# finishing mahogany



## grandma (Aug 12, 2009)

I am new to woodworking and am building a entertainment cabinet for my wall mounted tv,I am using african mahogany and am not sure the best way to treat the wood.Use a varnish,shellac ,oil or wax.I don't mind putting the work in to do this right.


----------



## Sean (Jul 2, 2008)

what kind of finish do you want? is protection most important, or sheen or texture or what?


----------



## chriswright (Nov 13, 2008)

All of those are good. I'd say it's going to come down to what you have the most experience in using. Personally I use lacquer. I find that it seals the grain well, and when done right gives a nice smooth surface. But you need to know how to properly use a spray gun. If you're going with just hand applied finishes, I'd try to find what's going to give it the most protective finish. Oil looks nice, but doesn't really shine up like a lacquer or varnish or poly. Wax is good after you've put something like a shellac or varnish, it will give it a very nice shine. However, wax, oil and shellac collect dust over time and the piece will become darker, now the patina is desirable is some cases, however, it will take away from the natural beauty of the wood (in my humble opinion). I'd say go with the varnish or a wipe on poly. The poly will be a little bit tougher.
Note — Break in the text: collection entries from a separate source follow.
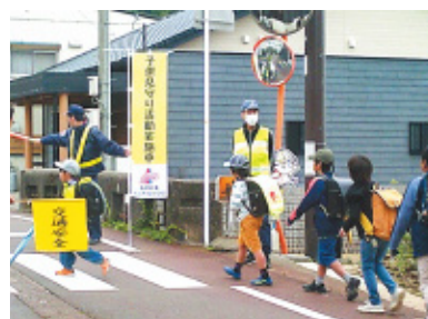
(株)アイビックス滋賀営業所
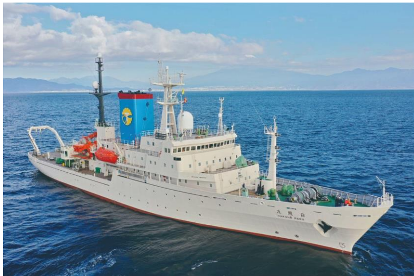
(写真1) 学術研究船「白鳳丸」

※2 海底電位磁力計 (OBEM: Ocean Bottom Electromagnetometer) : 海底地震計と同様、船舶により海底に設置し、一定期間磁場及び電場を測定する。取得した磁場及び電場データから海底下の電気の流れやすさを可視化し、流体の分布を把握することができる。
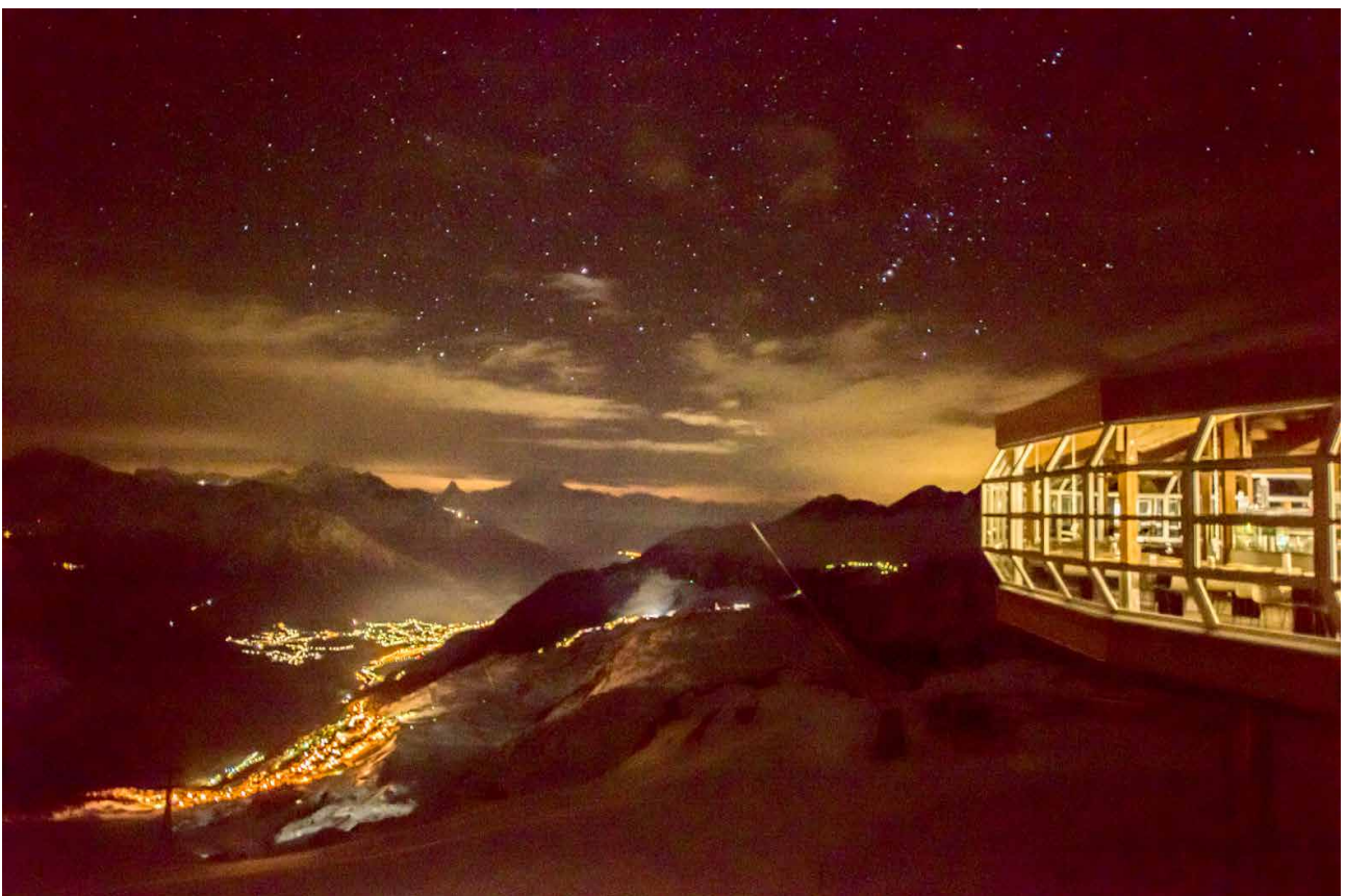
Restaurant Bettmerhorn, unten Bettmeralp und Brig. Die Kulisse ist mit oder ohne Sterne atemberaubend, weit hinten stupt das Matterhorn aus dem Horizont.
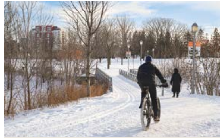
De nombreux projets seront déployés pour encourager la mobilité active et le transport en commun, contribuant ainsi à la santé humaine et à celle de la planète.

la Ville de Québec (incinérateur) afin d'assurer sa pérennité et sa performance;
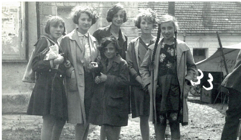
Skupinka židovských dievčat.

Keď sa v marci 1942 rozbehli smutne známe deportácie do koncentračných táborov, počet školákov postupne klesal. Ministerstvo školstva preto v júli 1942 neuznalo za potrebné zriadiť tretiu triedu pre nízky počet žiakov. Ostalo ich iba 71. V polovici septembra bolo číslo ešte nižšie – 57. K 1. júnu 1944 navštevovalo školu 48 žiakov. Vypuknutie Slovenského národného povstania koncom augusta
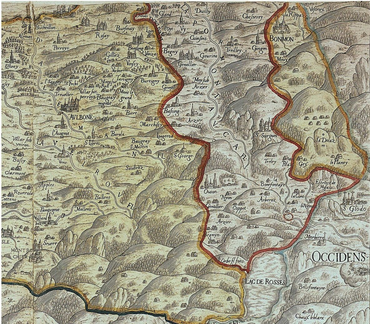
Fig. 4. Carte du Pays de Vaud par Thomas Schoepf, 1577. Gravure en taille-douce avec surcharges en couleur, 46 x 65 cm. Échelle approximative 1:100 000. Oujon, Bonmont, Saint-Claude. Détail.

le signe conventionnel sans équivoque et l'emplacement sur le côté ouest (droit) de la combe signalent en fait l'ancien château (emblème de pouvoir) et non le village, ce qui est très significatif. La chartreuse est entourée de fruitières désignées par le nom des communes qui les font exploiter (Nyon, Coppet, Arzier, Begnins), et qui sont donc des réalités économiques enregistrées par le cartographe. L'église d'Oujon est figurée entre deux tours fantaisistes qui veulent peut-être évoquer les annexes du chevet ou une porterie. À côté, une clôture faite en partie d'un rideau d'arbres, avec un portail, pourrait suggérer un cloître entourant un préau planté de quelques arbres. Mais comme cet élément est bien distinct du groupe de bâtiments formé autour de l'église, on ne saurait exclure non plus qu'il puisse s'agir d'un dessin schématique de la maison basse (soit les bâtiments d'exploitation), supprimée probablement au début du XIV e siècle.
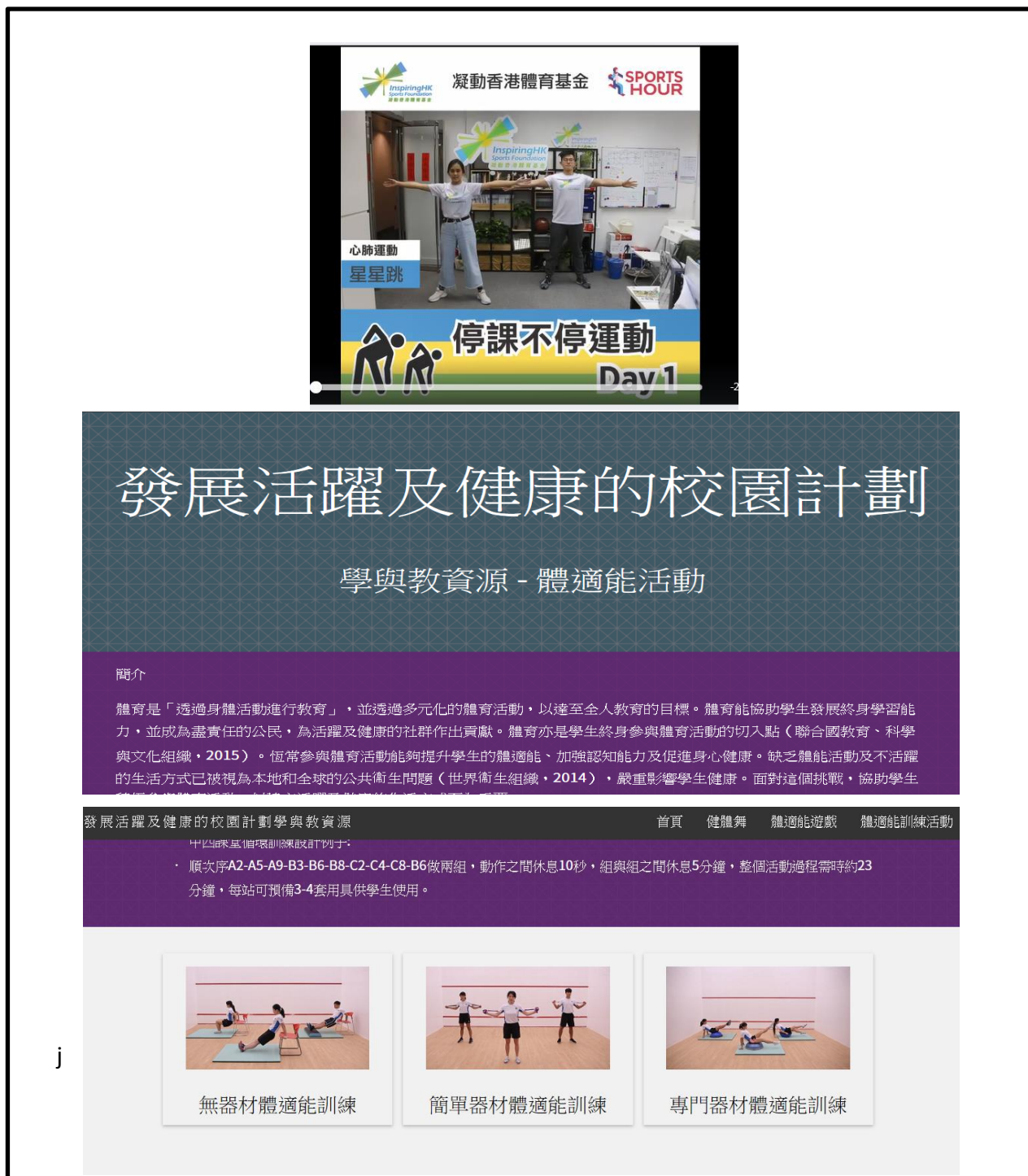
圖 1：體適能網上教學短片

Finishing is one of those steps that can be a bit frustrating at first, but as you do more projects you'll figure out the little tricks that will give your piece that final shine and make it the center of attention by everyone who sees it.

Good luck and I can't wait to see the finished results.


----------



## GaryC (Dec 31, 2008)

I agree…and by the way, welcome to LJ's


----------



## douglbe (Jul 22, 2007)

Wipe on poly is very easy to use, it is just about bullet proof when applying. I do a 50/50 mix of polyurethane and mineral spirits. You can use naptha in place of mineral spirits if you would like something that will dry faster.
You will have to apply more coats because it is thinned; I like to apply 6-8 coats and lightly sand every other coat. I use a small rag to apply. When the poly has cured (when you can not smell the poly, approx. 7-14 days apply a coat of wax. Some like to let the finish cure for a month or more, but I have not had any problems after a week. By the way, welcome to LJs. You will enjoy it here, a great bunch of woodworkers.


----------



## bibb (Sep 24, 2008)

First things first. If you want a smooth shiny finish you will need to fill the pores. I use Behlan's pore filler. You can find good info in the wood whisper's site. Then for a great almost 3-d look with amazing chatoyance I apply several coats of home-brewed Sam Maloof oil (the simple recipe is also available on the web).This formula gives African Mahogany an amazing finish in fact there is an example here: http://lumberjocks.com/projects/10062

Cheers Bibb


----------



## MrHudon (Aug 11, 2009)

The candle stand in my avatar is Honduras mahogany finished with 2 coats of orange shellac cut down about 50/50 with denatured alcohol then a few layers of wipe on varnish.. The shellac fills the pores and gives the piece a traditional old look, the varnish protects the piece. Not really sure if the African Mahogany finishes any different or the type of finish you are looking for?  Here is a better picture#
Good Luck,


----------